What Investors in Nvidia Stock Should Watch

Execution risk and competition

While the results are strong, investors should be mindful of supply-chain constraints, manufacturing scale, and competitive risks from rivals such as Advanced Micro Devices and new entrants.

Could Nvidia Stock face headwinds?
Yes, if demand slows, if margins compress or if regulatory / export issues disrupt China or other large markets.

Customer concentration and order backlog

Reuters noted that about 61% of Nvidia’s revenue comes from just four customers. That concentration poses risk if any major customer slows orders.

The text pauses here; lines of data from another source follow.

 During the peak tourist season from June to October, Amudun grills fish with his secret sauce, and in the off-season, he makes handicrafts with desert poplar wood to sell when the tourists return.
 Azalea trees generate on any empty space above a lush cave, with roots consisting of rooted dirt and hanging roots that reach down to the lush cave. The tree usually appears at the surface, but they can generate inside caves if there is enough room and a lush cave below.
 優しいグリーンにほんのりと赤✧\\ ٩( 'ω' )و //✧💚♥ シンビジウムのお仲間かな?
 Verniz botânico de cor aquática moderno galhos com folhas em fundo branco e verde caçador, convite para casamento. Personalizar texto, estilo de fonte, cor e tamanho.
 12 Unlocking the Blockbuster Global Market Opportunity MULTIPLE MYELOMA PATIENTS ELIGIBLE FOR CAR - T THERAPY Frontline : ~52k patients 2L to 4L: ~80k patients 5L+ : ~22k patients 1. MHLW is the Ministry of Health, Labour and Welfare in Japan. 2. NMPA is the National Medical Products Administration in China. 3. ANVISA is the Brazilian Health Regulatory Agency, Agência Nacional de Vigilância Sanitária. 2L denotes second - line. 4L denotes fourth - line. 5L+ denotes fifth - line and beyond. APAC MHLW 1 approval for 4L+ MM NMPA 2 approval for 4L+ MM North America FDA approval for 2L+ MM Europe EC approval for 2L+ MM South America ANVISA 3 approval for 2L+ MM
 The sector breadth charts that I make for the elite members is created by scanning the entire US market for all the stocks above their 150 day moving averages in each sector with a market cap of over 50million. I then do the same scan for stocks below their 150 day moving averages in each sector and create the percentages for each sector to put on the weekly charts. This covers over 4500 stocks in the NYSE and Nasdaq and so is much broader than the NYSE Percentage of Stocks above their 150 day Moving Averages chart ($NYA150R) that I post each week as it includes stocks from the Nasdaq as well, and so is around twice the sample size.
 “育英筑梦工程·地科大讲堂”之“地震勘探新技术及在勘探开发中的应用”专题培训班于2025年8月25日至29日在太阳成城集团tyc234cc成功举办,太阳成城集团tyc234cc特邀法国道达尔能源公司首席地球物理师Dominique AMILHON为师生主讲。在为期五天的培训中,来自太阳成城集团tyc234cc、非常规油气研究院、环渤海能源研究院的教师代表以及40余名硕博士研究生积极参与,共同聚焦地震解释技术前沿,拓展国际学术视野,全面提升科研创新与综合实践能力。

Macro and regulatory environment

Given Nvidia Stock’s large market‐cap and high growth valuation, macro risks such as interest-rate increases, geopolitical export controls and energy constraints in data-centres could all impact the outlook.

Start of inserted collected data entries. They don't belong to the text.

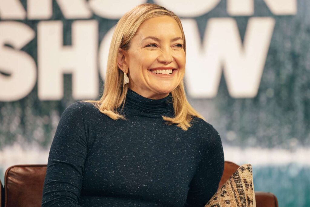 Kate Hudson wears a long denim skirt on ‘The Kelly Clarkson Show’
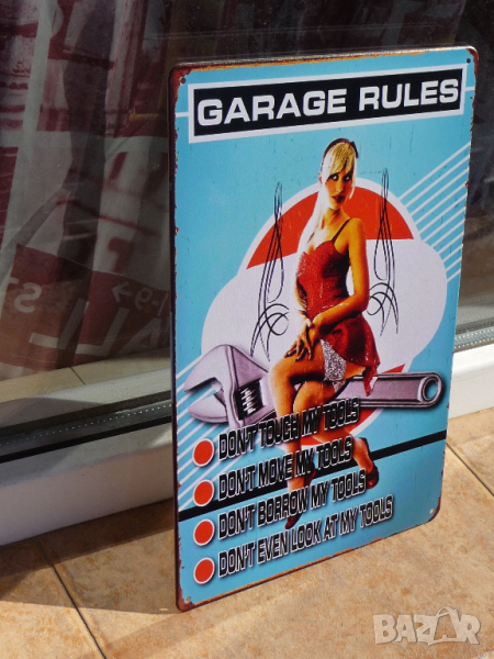 Метална ламаринена табела - Garage rules.
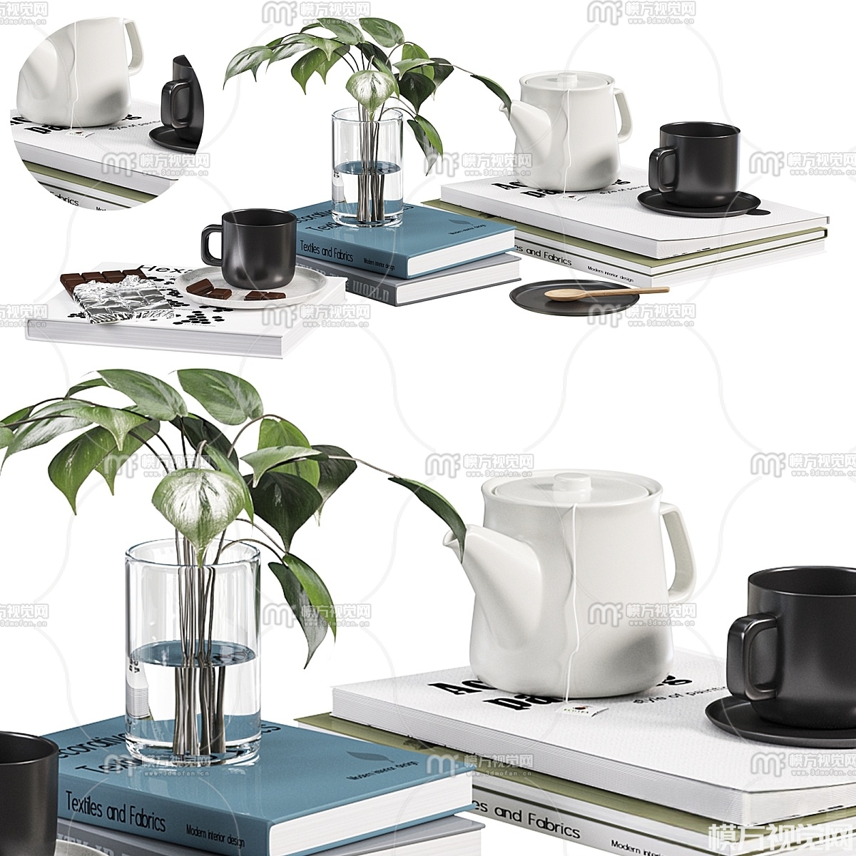 现代书籍 花艺 杯子 茶壶3D模型(ID:0018161)

How Nvidia Stock Move Affects Markets and Tech Sector

Index impact and broader sentiment

Because Nvidia Stock is a heavyweight in major U.S. indexes, its upward move influences ETFs, passive funds and market sentiment. A strong result can lift the entire tech sector, while a stumble could weigh heavily.

Tech supply-chain winners and partners

Nvidia’s surge often gives a boost to its ecosystem, companies such as Micron Technology, Broadcom Inc., and other AI-hardware providers often benefit from the upward momentum in Nvidia Stock.

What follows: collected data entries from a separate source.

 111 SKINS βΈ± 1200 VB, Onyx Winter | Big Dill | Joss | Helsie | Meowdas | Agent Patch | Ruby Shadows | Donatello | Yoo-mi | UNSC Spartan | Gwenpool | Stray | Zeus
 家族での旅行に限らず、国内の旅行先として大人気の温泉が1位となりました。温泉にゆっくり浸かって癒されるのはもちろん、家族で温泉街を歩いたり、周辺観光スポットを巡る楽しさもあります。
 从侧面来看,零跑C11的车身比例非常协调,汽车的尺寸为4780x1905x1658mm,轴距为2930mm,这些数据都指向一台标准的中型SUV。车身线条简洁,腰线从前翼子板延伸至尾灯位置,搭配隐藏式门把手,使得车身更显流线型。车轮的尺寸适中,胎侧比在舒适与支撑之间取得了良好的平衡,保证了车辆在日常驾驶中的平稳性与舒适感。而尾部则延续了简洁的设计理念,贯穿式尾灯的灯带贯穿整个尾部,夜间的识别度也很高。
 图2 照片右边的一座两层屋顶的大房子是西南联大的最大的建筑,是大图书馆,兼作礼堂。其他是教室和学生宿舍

AI investment theme reignited

With Nvidia Stock reaffirming the AI-chip theme, investor flows into AI infrastructure, generative-AI startups and enterprise-AI plays may get renewed tailwinds.

Queries on Nvidia Stock

Is the surge purely hype or grounded in fundamentals?

It appears grounded. The company beat consensus, showed strong data-centre growth and provided higher guidance. CEO comments about Blackwell and the AI cycle add credibility.

Does this mean Nvidia Stock will keep rising?

Not guaranteed. With high expectations, markets may require more than just strong numbers, they will expect sustained execution over multiple quarters.

Should investors buy Nvidia Stock now?

For growth-oriented investors comfortable with some risk, the current momentum in Nvidia Stock is compelling. But for more cautious investors, waiting for a pull-back or clearer margin expansion may be wise.

Conclusion

Today’s jump in Nvidia Stock is well deserved: a record $57 billion in revenue, a 66% surge in data-centre sales, and guidance that beats expectations. The ‘off the charts’ demand for Blackwell chips gives the market clearer proof that the AI hardware boom is real.

However, with high valuation comes higher expectations and the need for sustained execution. Nvidia’s dominance is strong, but investors should remain vigilant about concentration risks, supply constraints and macro headwinds. For now, Nvidia Stock stands as a beacon of the AI-infrastructure wave, whether it continues ascending will depend on what comes after this quarter’s fireworks.

Disclaimer

The content shared by Meyka AI PTY LTD is solely for research and informational purposes.  Meyka is not a financial advisory service, and the information provided should not be considered investment or trading advice.